Страница 3 из 21
Боэнерджес (окончательно убежденный в своем превосходстве). Это насчет правительственного кризиса? Ну что ж, я затем сюда и пришел, чтобы говорить прямо. И первое, что я вам прямо скажу, — это что страной должны управлять не вы, а ваши министры.
Магнус. Я им только буду признателен, если они избавят меня от этой весьма хлопотливой и неблагодарной обязанности.
Боэнерджес. А это вовсе и не ваша обязанность. Это обязанность ваших министров. Вы всего лишь конституционный монарх. Знаете, как это называют в Бельгии?

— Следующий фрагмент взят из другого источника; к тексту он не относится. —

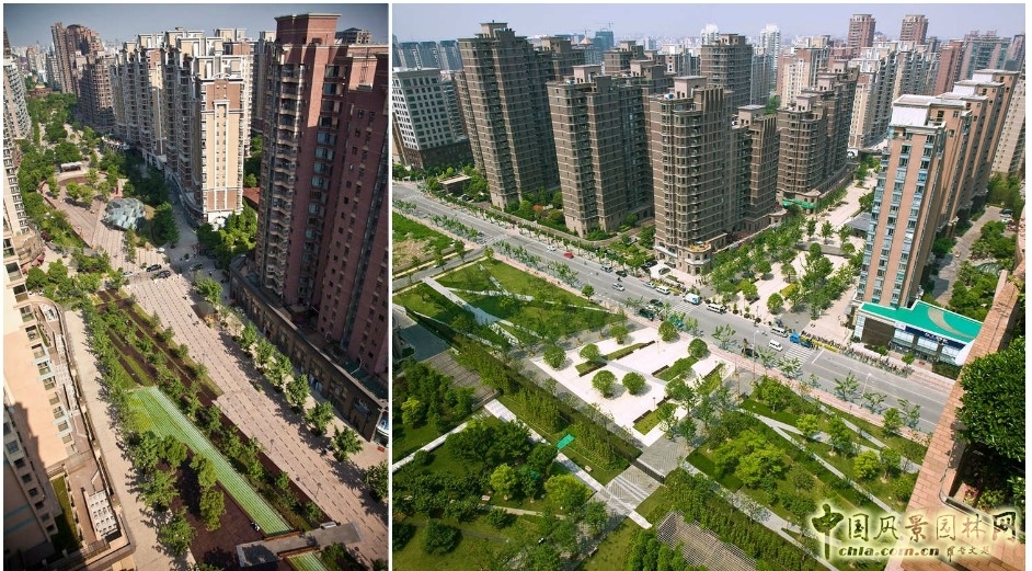 中國風景園林網訊:SWA事務所受上海古北(集團)有限公司委托為繁華的上海構思設計一個獨特的步行街(古北黃金城道步行街)。這個步行街覆蓋了三個城市街區(qū),兩側是20層的住宅大廈,在路邊是零售商店,步行街的兩端是SWA事務所設計的公園。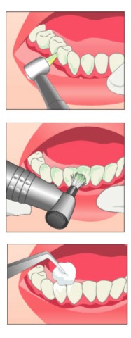 次に、専用のジェル(フッ素配合)を使って歯と歯の間や表面を1本づつ丁寧に磨きます。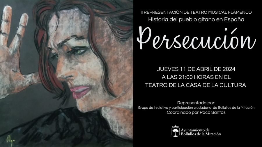 El Teatro de la Casa de la Cultura de Bollullos de la Mitación acogerá el jueves 11 de abril, a las 21:00 horas, la segunda representación del Teatro musical flamenco “Persecución”.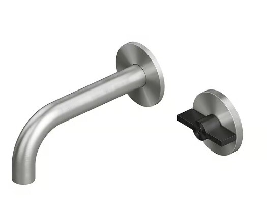 Смеситель для раковины, Quadro design, Valvola01, тип открывания воды-вентильный, тип регулирования воды-прогрессивный картридж, монтаж-настенный встраиваемый, отверстия для монтажа-2, высота, мм-63, вынос излива, мм-190, тип излива-неподвижный, цвет ручки-золото черное, тип подводки-жесткая, стандарт подвода воды-1/2", внутренняя часть-необходимо заказать, цвет смесителя-сталь брашированная Смеситель для раковины, Quadro design, Valvola01, цвет-сталь брашированная/золото черное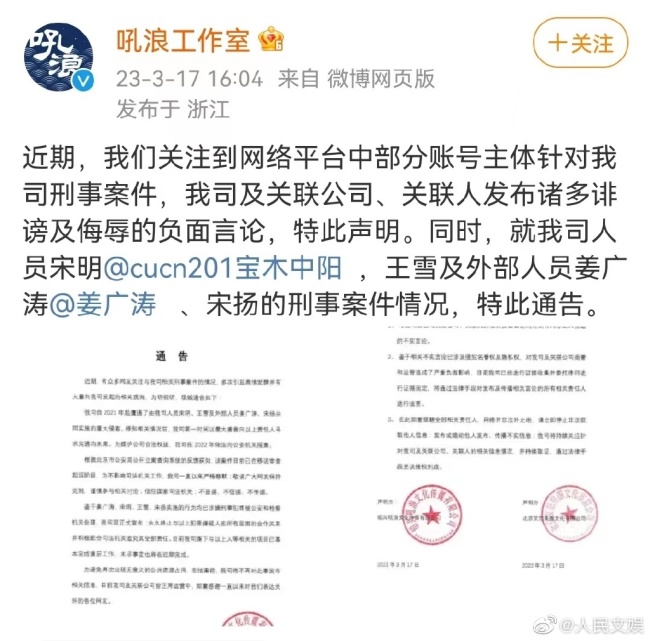 鉴于姜广涛、宋明、王雪、宋扬实施的行为均已涉嫌刑事犯罪被公安和检察机关处理,吼浪工作室正式宣布:永久终止与以上犯罪嫌疑人在所有层面的合作关系并积极配合司法机关追究其全部责任。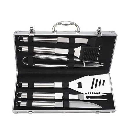 6pcs Stainless steel bbq tools set include fork,spatula,tong,knife,silicone brush,cleaning brush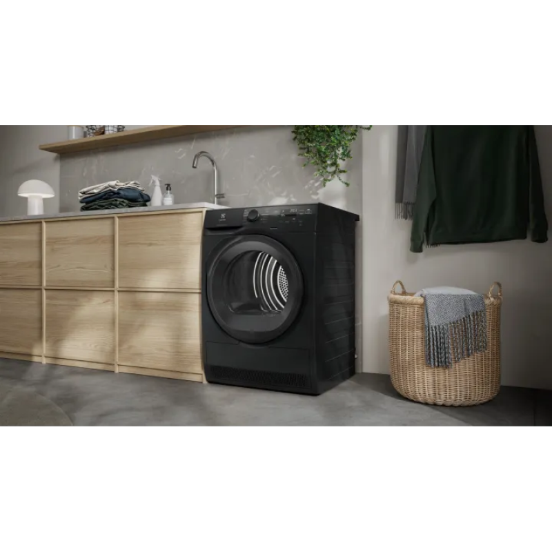 Сушильна машина Electrolux EW7D495UDU з тепловим насосом і класом енергоспоживання A+++ висушує до 9 кг білизни при потужності лише 550 Вт, зберігаючи форму та структуру тканин. Технологія SensiCare вимірює температуру та вологість кожного завантаження і автоматично підлаштовує час та енергоспоживання, запобігаючи перегріву. DelicateCare адаптує температуру й рух барабана для шовку, вовни та інших делікатних матеріалів — сертифіковано Woolmark. Цикл «Гігієна» при температурі понад 60 °C одночасно сушить і знищує 99,9% бактерій та вірусів.

Магнус. Если не ошибаюсь — каучуковый штемпель. Так?
Боэнерджес. Именно так, король Магнус. Каучуковый штемпель — вот что вы такое, и не забывайте об этом.
Магнус. Да... Вот чем нам обоим частенько приходится быть, и вам и мне.
Боэнерджес (оскорбленный). То есть как это — и вам и мне?
Магнус. Нам подают бумагу. Мы ставим свою подпись. Еще вам хорошо: вы подписываете, не читая. А я вот должен все читать. И бывает, что я не согласен, но все равно приходится подписывать: тут уж ничего не поделаешь. Взять хотя бы смертные приговоры. Мало того, что подписываешь смертные приговоры тем, кого, по-твоему, казнить не следует, но еще и не можешь приговорить к смерти многих, кого, по-твоему, давно пора казнить.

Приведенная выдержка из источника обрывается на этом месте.